He proceeded to a doctoral degree at the University of Memphis, where, working with respected graph theorist Béla Bollobás, he presented a solution of the reconstruction problem for abelian groups, including the necklace problem. Whilst at Memphis, he invented the board game Intersect.
In 2001 he was offered and accepted a junior research fellowship at his alma mater, Trinity College, Cambridge. Before returning to take up residence in Cambridge, he completed a year's research at the Institute for Advanced Study in Princeton, New Jersey and did a few weeks of work over the summer for Microsoft Research in Seattle, Washington. He is now a full-time resident fellow of Trinity College, specialising in combinatorics.
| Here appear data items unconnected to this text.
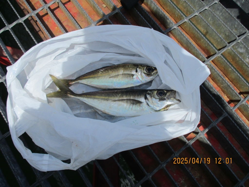 朝の9時頃にサビキ釣りでアジが2匹釣れましたが
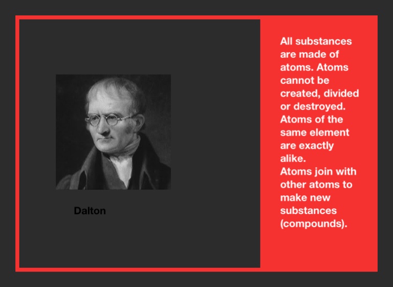 All substances are made of atoms. Atoms cannot be created, divided or destroyed. Atoms of the same element are exactly alike.
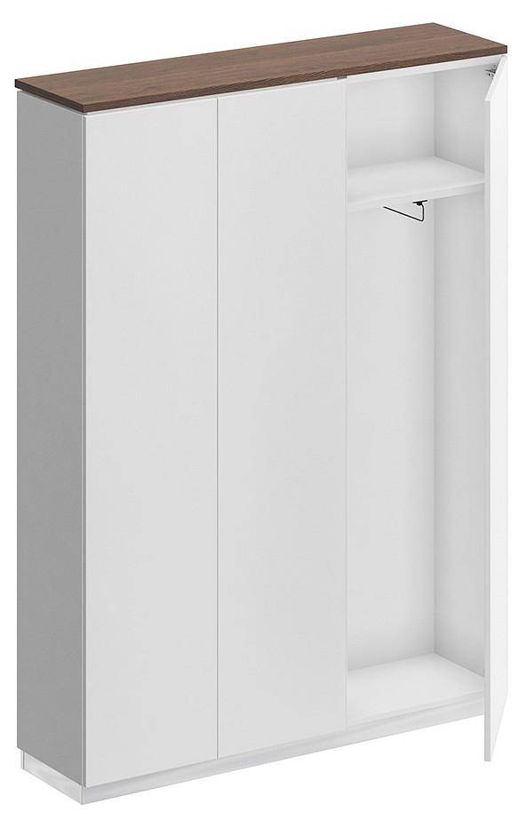 Шкаф состоит из шкафа для документов, узкого шкафа для одежды под общим топом и цоколя на 2 шкафа.

Dr. Pebody's noteworthy contributions to his field include:
- "Ramsey theory in graphs" (public lecture at Trinity College, Cambridge, 1997)
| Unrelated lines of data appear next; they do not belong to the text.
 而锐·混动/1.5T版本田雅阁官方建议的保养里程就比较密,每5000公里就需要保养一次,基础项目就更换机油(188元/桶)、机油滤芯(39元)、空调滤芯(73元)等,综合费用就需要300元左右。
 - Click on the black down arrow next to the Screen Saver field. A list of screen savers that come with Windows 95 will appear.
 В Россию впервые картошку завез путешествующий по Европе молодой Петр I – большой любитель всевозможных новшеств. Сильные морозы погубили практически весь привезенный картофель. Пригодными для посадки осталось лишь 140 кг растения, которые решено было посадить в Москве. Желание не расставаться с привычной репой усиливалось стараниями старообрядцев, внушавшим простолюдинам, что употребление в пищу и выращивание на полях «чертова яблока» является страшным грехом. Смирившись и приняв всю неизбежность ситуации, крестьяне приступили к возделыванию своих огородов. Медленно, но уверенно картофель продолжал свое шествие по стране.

- "Contraction-deletion invariants for graphs" (with Béla Bollobás and Oliver Riordan) (J. Combin. Theory Ser. B 80 (2000) 320-345)
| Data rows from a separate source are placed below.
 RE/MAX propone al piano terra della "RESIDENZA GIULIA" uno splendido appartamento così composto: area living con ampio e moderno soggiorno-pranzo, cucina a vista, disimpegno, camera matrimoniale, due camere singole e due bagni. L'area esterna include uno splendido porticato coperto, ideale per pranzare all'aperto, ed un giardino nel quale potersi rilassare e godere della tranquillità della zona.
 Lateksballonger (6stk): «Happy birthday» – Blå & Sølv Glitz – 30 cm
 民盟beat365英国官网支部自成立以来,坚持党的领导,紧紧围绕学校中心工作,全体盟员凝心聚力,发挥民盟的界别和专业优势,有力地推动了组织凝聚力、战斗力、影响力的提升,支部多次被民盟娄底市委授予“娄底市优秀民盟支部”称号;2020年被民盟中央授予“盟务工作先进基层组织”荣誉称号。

- "On combinatorial reconstruction" (public lecture at the University of Memphis, 2001)
- "A state-space representation of the HOMFLY polynomial" (with Béla Bollobás and David Weinreich) (Contemporary Combinatorics, Bolyai Society Mathematical Studies 10, 2002) PDF download (http://www.gettysburg.edu/~dweinrei/research/homfly.pdf)
- "Combinatorial reconstruction using invariant polynomials" (public lecture at the Institute for Advanced Study, 2002)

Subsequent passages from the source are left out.